CSP5 is a pip-installable NMR predictor package with:

  • batched 13C and 1H prediction
  • prediction from precomputed geometries
  • shift matching utilities with dp (default), scipy, and murty (k-best)

Bundled defaults:

  • 13C model: CSP5-13C (model_id: csp5-13c)
  • 1H model: CSP5-1H (model_id: csp5-1h)

Install

Requires Python 3.9 or newer.

pip install CSP5

Prediction CLI

In interactive terminals, csp5 prints status lines to stderr before and after prediction. If a run is slow, it prints an additional note that first invocation can take longer while dependencies and model weights initialize, plus periodic "still working" updates during long runs. Use --no-status to silence them.

From SMILES

csp5 --smiles "CCO" --nucleus 1H
csp5 --smiles "CCO" --nucleus both
csp5 --smiles-file smiles.txt --nucleus 13C --batch-size 64
csp5 --smiles "CCO" --nucleus 13C --num-conformers 8
csp5 --smiles "CCO" --nucleus both --num-conformers 8 --output-conformers-json cco_conformers.json
csp5 --smiles "CCO" --nucleus 13C --num-conformers 8 --output-conformers-sdf cco_conformers.sdf
csp5 --smiles "CCO" --nucleus 13C --output-svg cco_13c.svg
csp5 --smiles "CCO" --nucleus 13C --output-svg cco_13c.svg --svg-bond-length 72 --svg-shift-font-scale 1.1

From molecule files (molfile or SDF)

By default, molecule-file input uses the coordinates embedded in the file. Add --regenerate-geometry to keep the input atom order/numbering while generating fresh ETKDG + MMFF/UFF coordinates for prediction.

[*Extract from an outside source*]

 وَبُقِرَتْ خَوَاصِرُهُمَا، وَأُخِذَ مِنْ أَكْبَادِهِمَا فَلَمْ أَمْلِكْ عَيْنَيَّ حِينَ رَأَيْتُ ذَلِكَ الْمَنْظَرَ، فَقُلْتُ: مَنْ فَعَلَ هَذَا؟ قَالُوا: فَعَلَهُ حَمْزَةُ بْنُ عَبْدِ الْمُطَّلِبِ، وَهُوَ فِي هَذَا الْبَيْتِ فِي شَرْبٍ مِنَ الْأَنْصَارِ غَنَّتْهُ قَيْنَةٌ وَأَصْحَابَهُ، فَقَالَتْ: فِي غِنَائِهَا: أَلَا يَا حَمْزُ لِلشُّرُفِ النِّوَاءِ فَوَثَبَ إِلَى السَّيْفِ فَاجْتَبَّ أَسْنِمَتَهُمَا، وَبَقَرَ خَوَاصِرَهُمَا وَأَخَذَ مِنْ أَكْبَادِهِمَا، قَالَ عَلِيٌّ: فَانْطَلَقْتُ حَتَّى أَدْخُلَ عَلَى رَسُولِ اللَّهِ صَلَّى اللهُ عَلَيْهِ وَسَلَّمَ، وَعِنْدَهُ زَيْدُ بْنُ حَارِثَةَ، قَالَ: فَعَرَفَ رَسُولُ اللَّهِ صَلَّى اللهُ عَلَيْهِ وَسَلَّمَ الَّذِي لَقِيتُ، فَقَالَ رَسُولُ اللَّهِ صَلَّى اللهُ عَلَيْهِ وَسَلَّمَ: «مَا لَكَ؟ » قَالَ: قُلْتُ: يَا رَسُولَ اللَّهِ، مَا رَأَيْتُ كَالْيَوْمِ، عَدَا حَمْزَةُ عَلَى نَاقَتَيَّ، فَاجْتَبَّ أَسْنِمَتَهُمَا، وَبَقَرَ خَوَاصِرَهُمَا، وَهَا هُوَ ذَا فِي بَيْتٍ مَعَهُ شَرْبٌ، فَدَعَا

csp5 --molecule-file input.mol --nucleus 13C
csp5 --molecule-file input.sdf --nucleus 1H --regenerate-geometry

From precomputed geometries (parquet structures dataset)

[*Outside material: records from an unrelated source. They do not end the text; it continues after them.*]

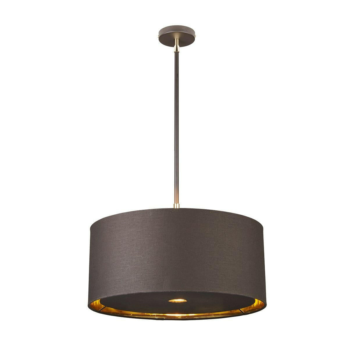 The Balance’s contemporary mocha brown finish with polished brass elements adds a retro style to the look of this collection, making it easy to place in both modern and transitional environments, with all fittings easily suited to using LED lamps. Each shade has a gold metallic lining. Pendants, table and floor lamps have fabric diffusers, and the chandeliers and wall lights include acrylic diffusers.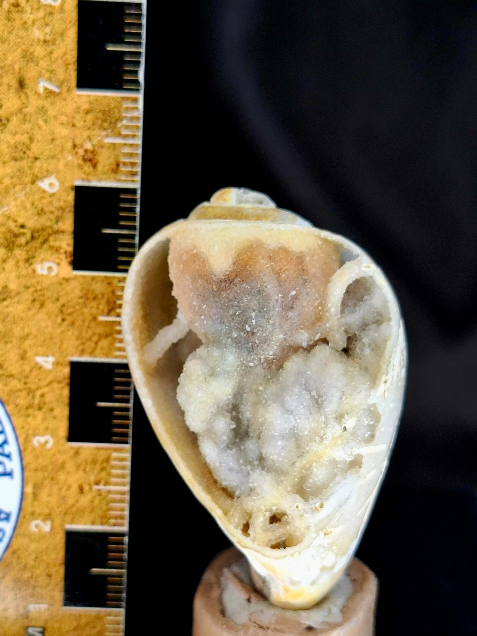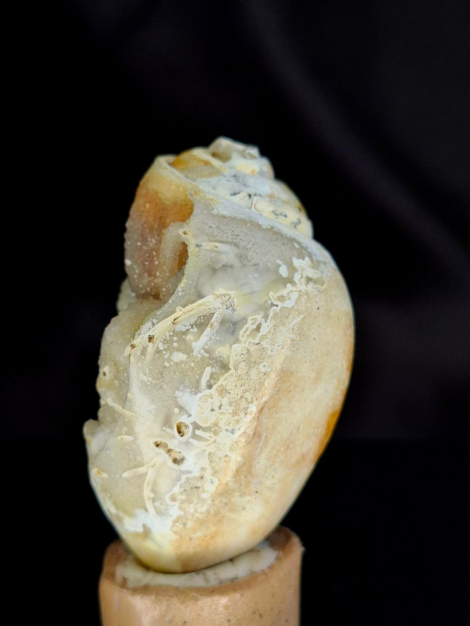 The shell has undergone a remarkable fossilization process known as Agatization. Over millions of years, the original shell material was replaced by microcrystalline quartz or agate, transforming the fossil into a natural geode. The exterior of the shell displays rich, warm brown and orange tones. A natural break reveals a stunning interior, which is lined with sparkling crystals that exhibit a subtle white and purplish-blue hue.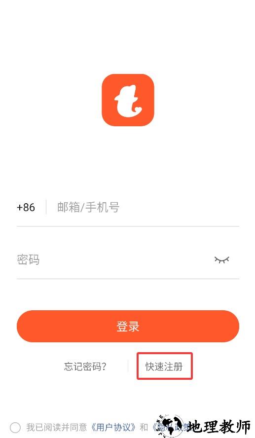 2、在登录页面下方找到快速注册按钮并点击,即可跳转至账号注册页面。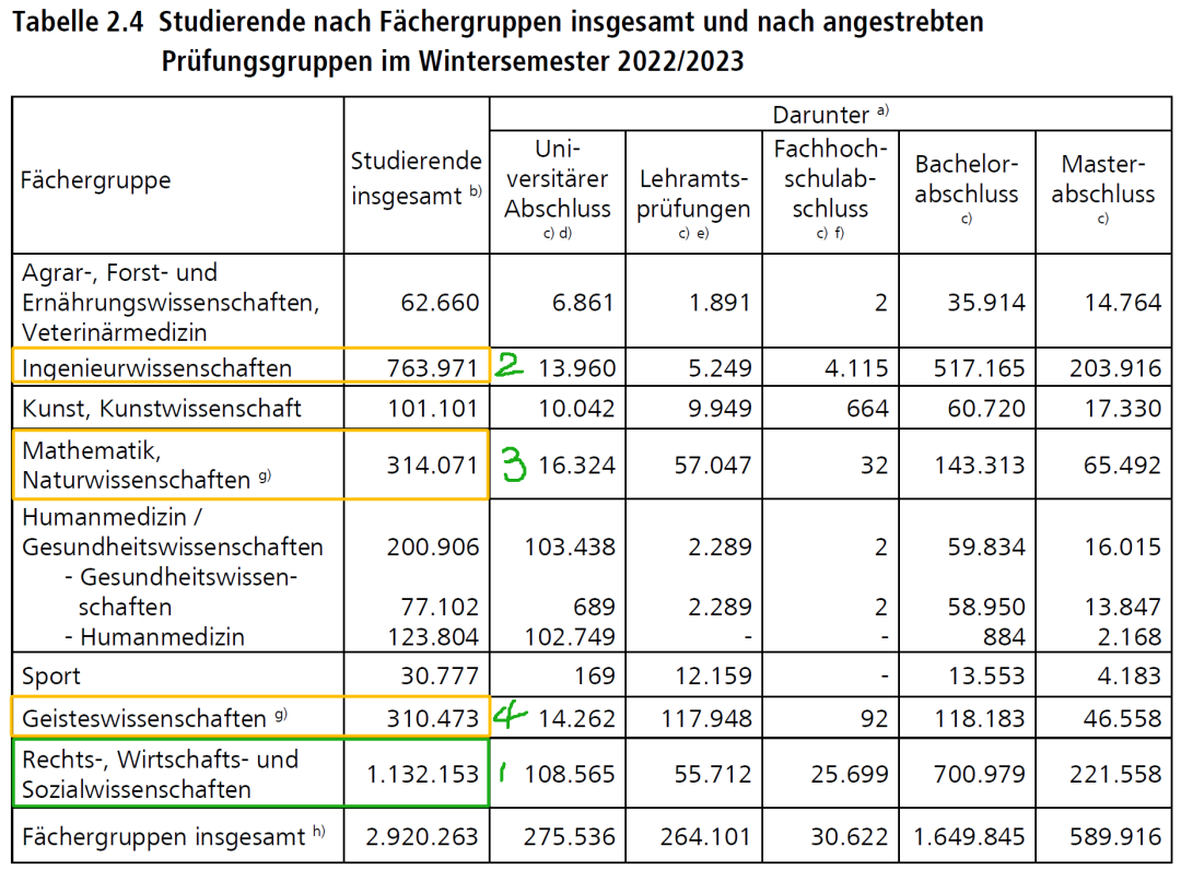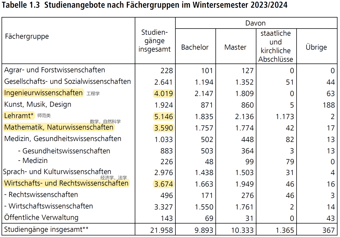 德国大学校长联席会议(HRK)在去年10月份公布了2023年德国高校专业及学生数量概况。我们一起来看看吧!

Input dataset requirements:

  • required columns: smiles, molblock
  • optional columns: conformer_rank, conformer_id, energy, energy_method

Predict only rank-0 conformers:

csp5 \
  --structures-path /path/to/structures.parquet \
  --conformer-rank 0 \
  --nucleus 1H \
  --batch-size 64

Predict using all conformers in the dataset:

csp5 \
  --structures-path /path/to/structures.parquet \
  --use-all-conformers \
  --nucleus 13C

Prediction Python API

from csp5 import draw_prediction, predict_molecule_file, predict_smiles, predict_structures, predict_sdf

# Standard SMILES mode
res = predict_smiles(["CCO", "c1ccccc1"], nucleus="1H", batch_size=32)
print(res.predictions.head())
svg = draw_prediction(res)

# Precomputed-geometry parquet mode
res2 = predict_structures(
    "/path/to/structures.parquet",
    nucleus="1H",
    conformer_rank=0,
    use_all_conformers=False,
)

# Precomputed-geometry SDF mode
res3 = predict_sdf("/path/to/embedded.sdf", nucleus="13C")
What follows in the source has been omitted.